WHAT IS REQUIRED: Your response to the data below should hold nothing except the lines from the one containing "吉胡貝塚資料館(第2会場)との共通券あり。大人800円、小中学生400円" down to the one containing "779 skibe sejlede", reproduced exactly and without pictures.

MATERIAL FOR THIS EXERCISE:
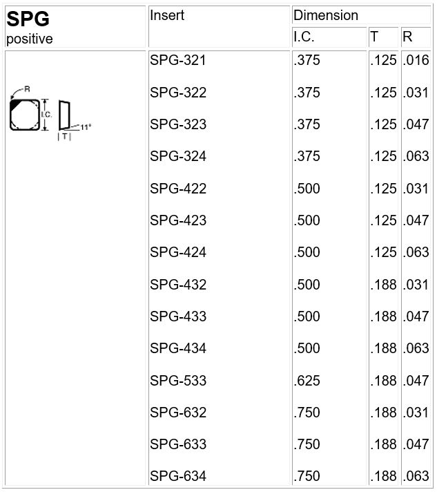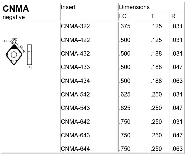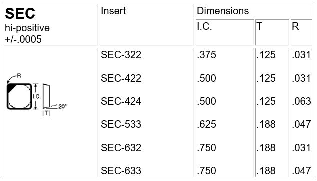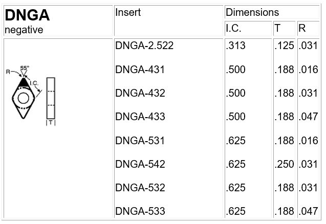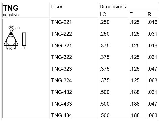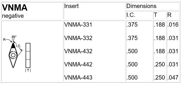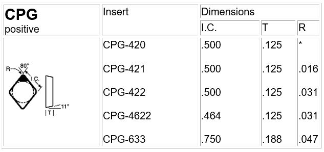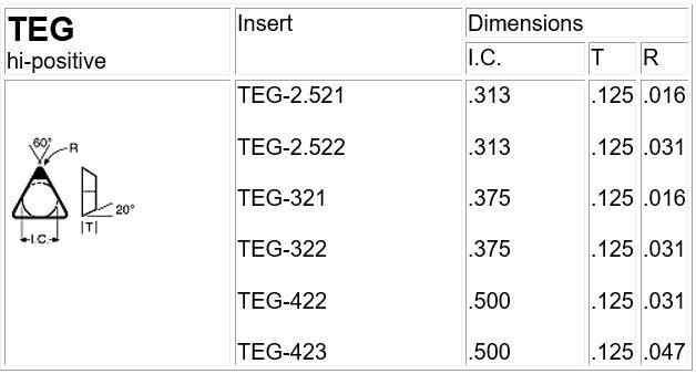 All inserts available 1/8″ long or ¼” long cutting edge.
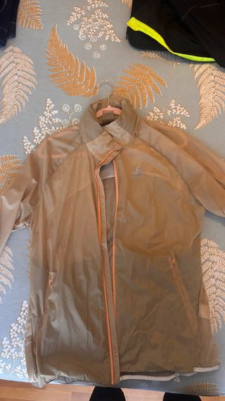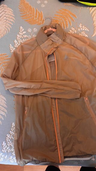 Cortavientos ligero de la marca Odlo. - Color beige con detalles en naranja. - Diseño resistente al agua. -Con capucha -Ideal running
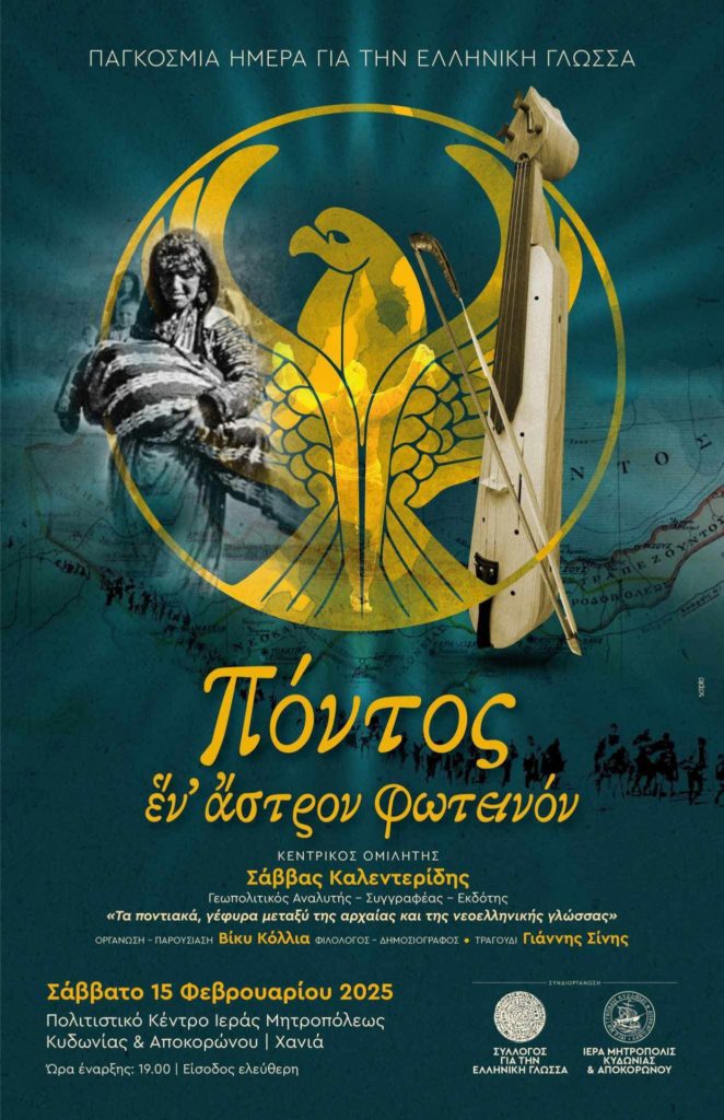 Στο πλαίσιο του ετήσιου εορτασμού της Παγκόσμιας Ημέρας για την Ελληνική Γλώσσα, η Ιερά Μητρόπολη Κυδωνίας και Αποκορώνου και ο σύλλογος για την Ελληνική Γλώσσα συνδιοργανώνουν το Σάββατο 15 Φεβρουαρίου στις 19:30 στο πολιτιστικό κέντρο της Μητροπόλεως, εκδήλωση με κεντρικό ομιλητή τον διακεκριμένο πολιτικό αναλυτή κ. Σάββα Καλεντερίδη με θέμα “Η ποντιακή διάλεκτος ως γέφυρα ανάμεσα στην αρχαία και στην νέα ελληνική γλώσσα”.
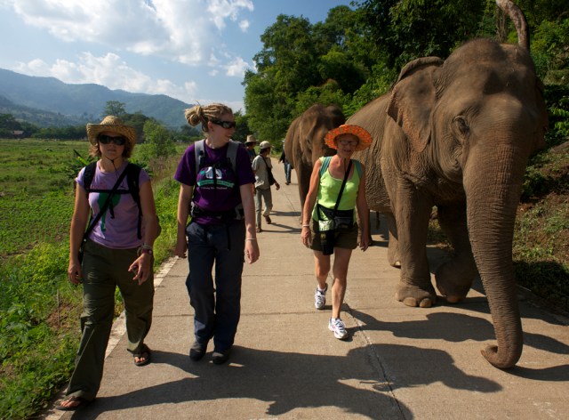| Sam, Chantelle and Pelote (Annie) on their way to Elephant Heaven with Jokia and Mae Perm. |
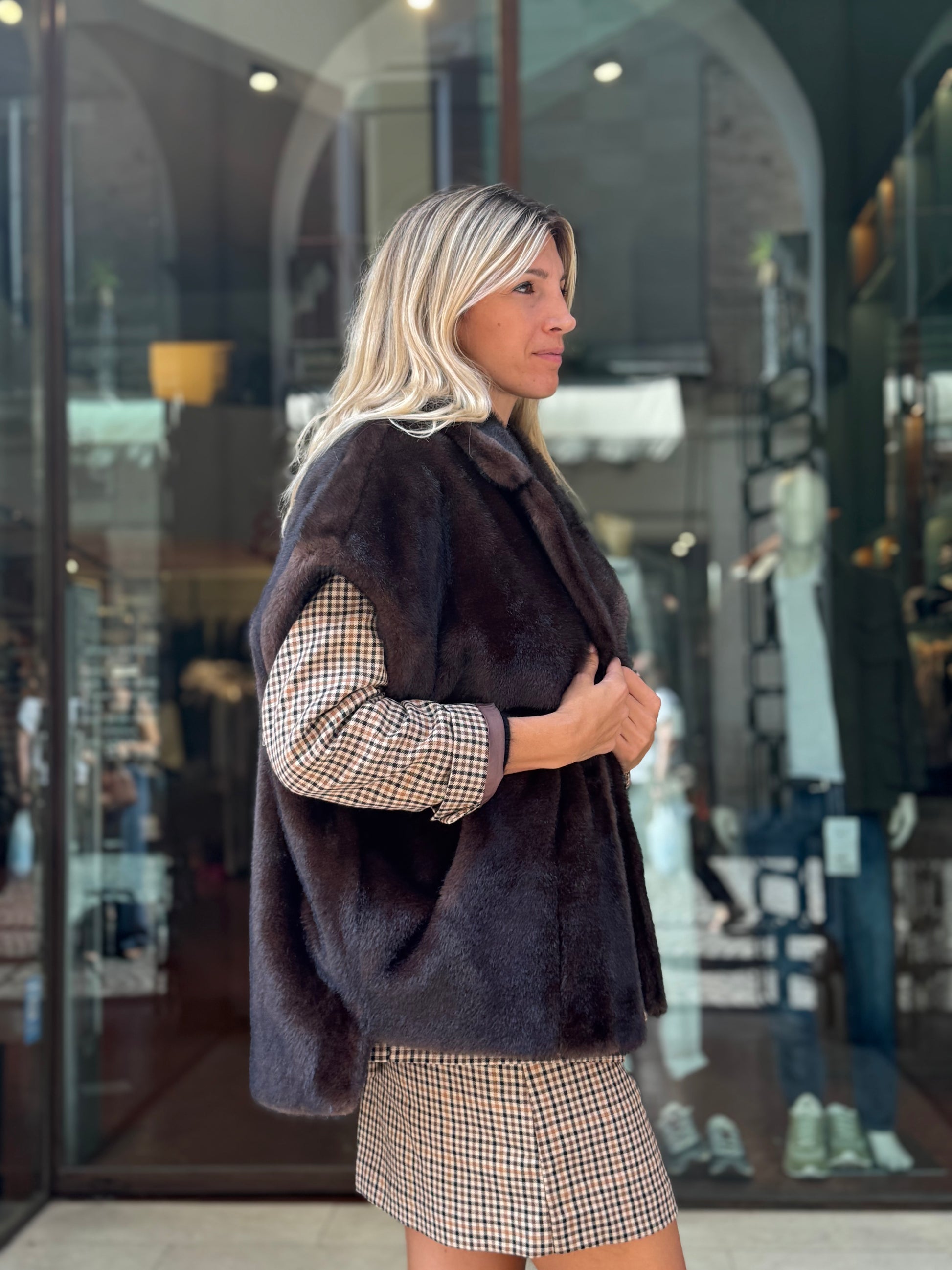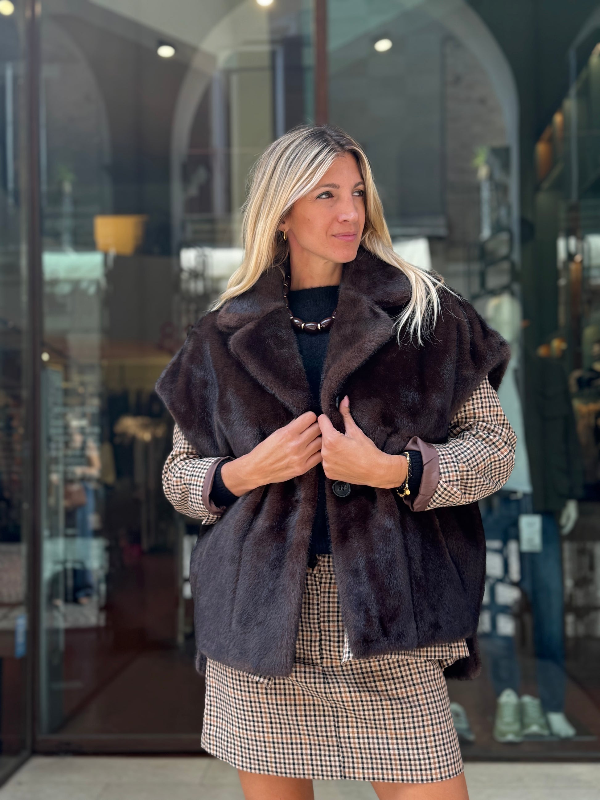 Betta Corradi Ecopelliccia smanicata a due bottoni MARRONE
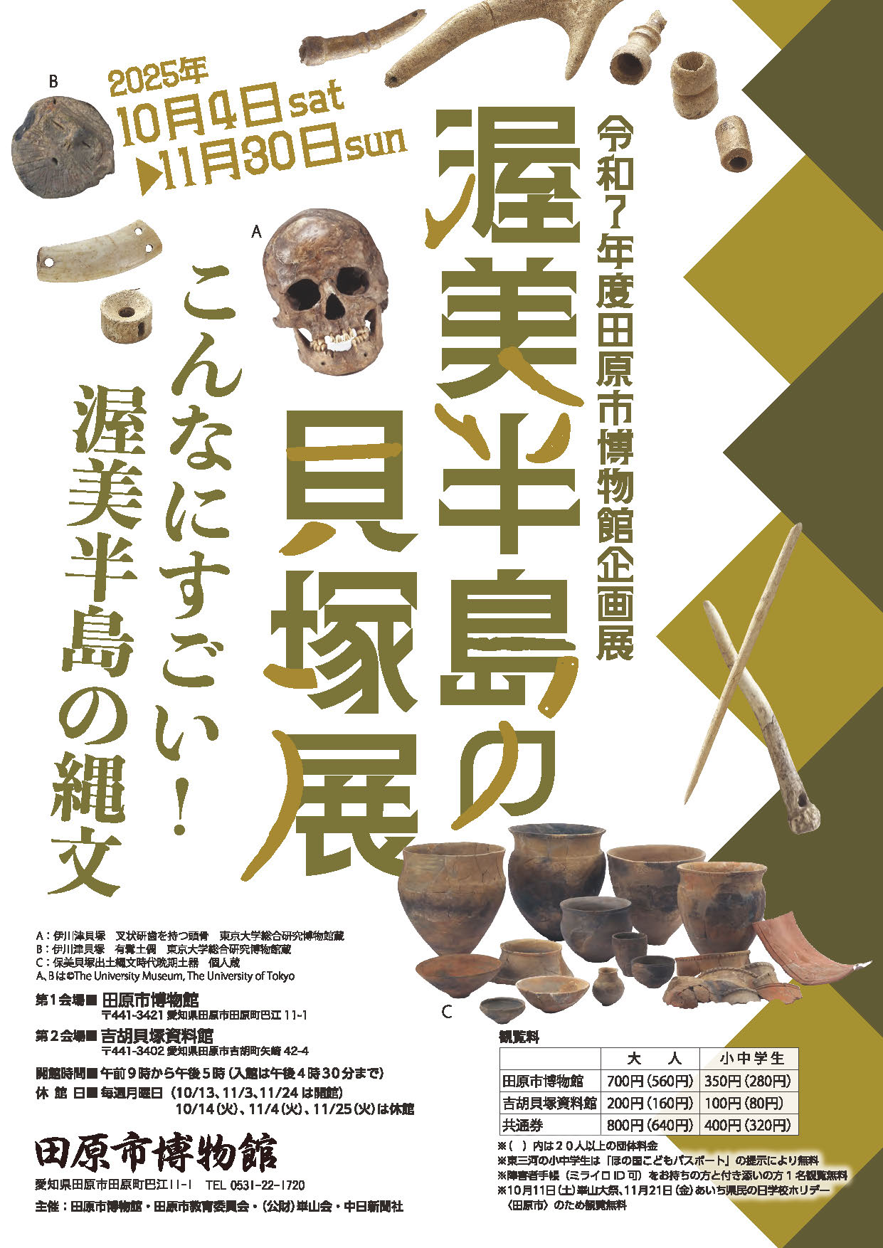 吉胡貝塚資料館(第2会場)との共通券あり。大人800円、小中学生400円
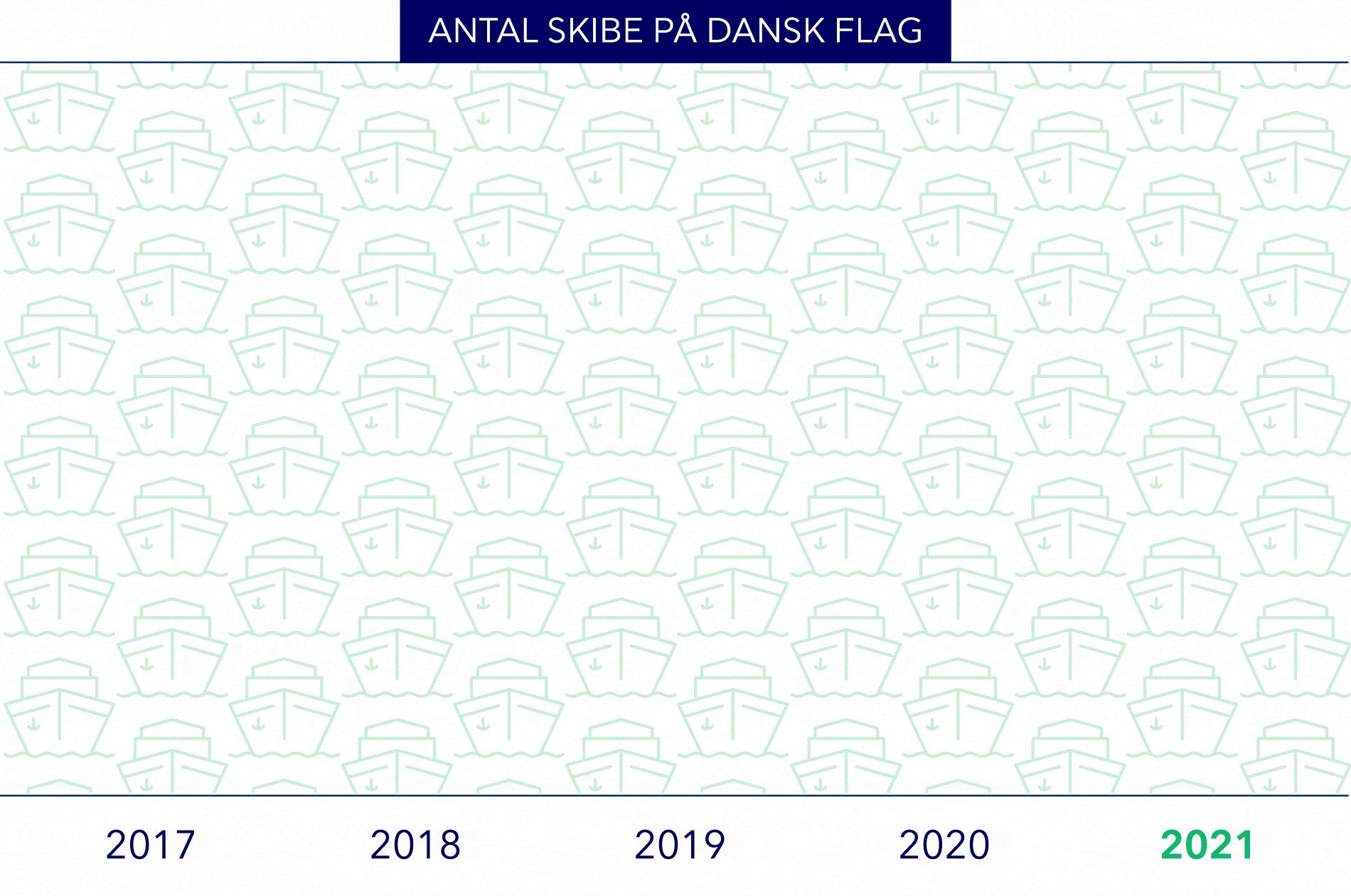 779 skibe sejlede ved årsskiftet 2021/2022 under Dannebrog. Det er 15 skibe mere end året før og det højeste antal nogensinde. Samtidig vokser vores opererede tonnage, så vi fortsat er placeret i top-10 over verdens største søfartsnationer. Det kan vi godt tillade os at være stolte af.
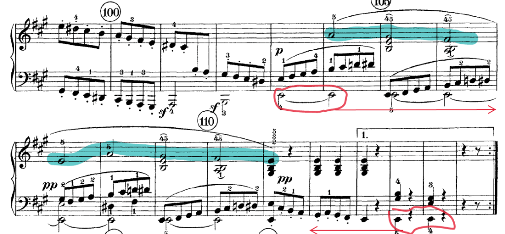 En azul cian hemos marcado la línea melódica superior, en la que se aprecia una clara direccionalidad cadencial: La↓Sol#↓Fa#↓Mi. En la voz del bajo apreciamos la persistencia de la nota Mi, tónica de Mi M, tonalidad del tema B, y al mismo tiempo dominante estructural del 1er tiempo, que sirve para preparar la vuelta a La M. Estos rasgos (junto a otros posibles, obviamente) funcionan en el pasaje como inputs generadores de una sonoridad con una función acusticoformal evidente, inherente a cualquier codetta. Inputs que no apreciamos en el compás 76, en el momento en el que aparece el material coincidente con el tema A.
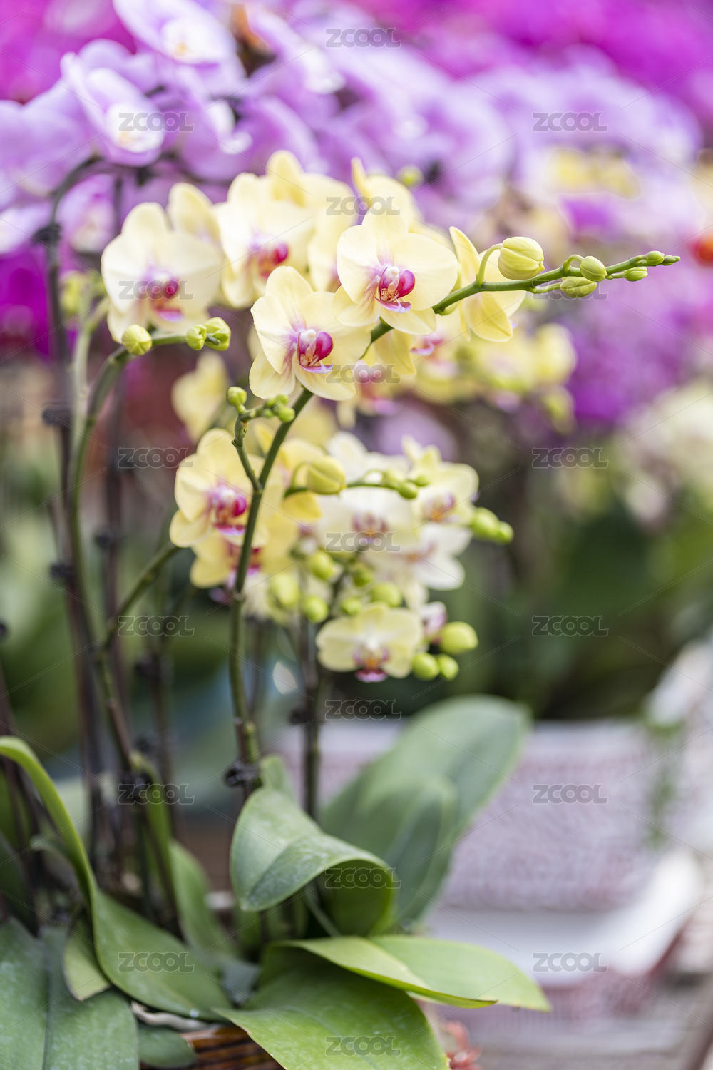 大棚內(nèi)一盆黃色為主的雜色蝴蝶蘭

YOUR SOLUTION:
 吉胡貝塚資料館(第2会場)との共通券あり。大人800円、小中学生400円
 779 skibe sejlede ved årsskiftet 2021/2022 under Dannebrog. Det er 15 skibe mere end året før og det højeste antal nogensinde. Samtidig vokser vores opererede tonnage, så vi fortsat er placeret i top-10 over verdens største søfartsnationer. Det kan vi godt tillade os at være stolte af.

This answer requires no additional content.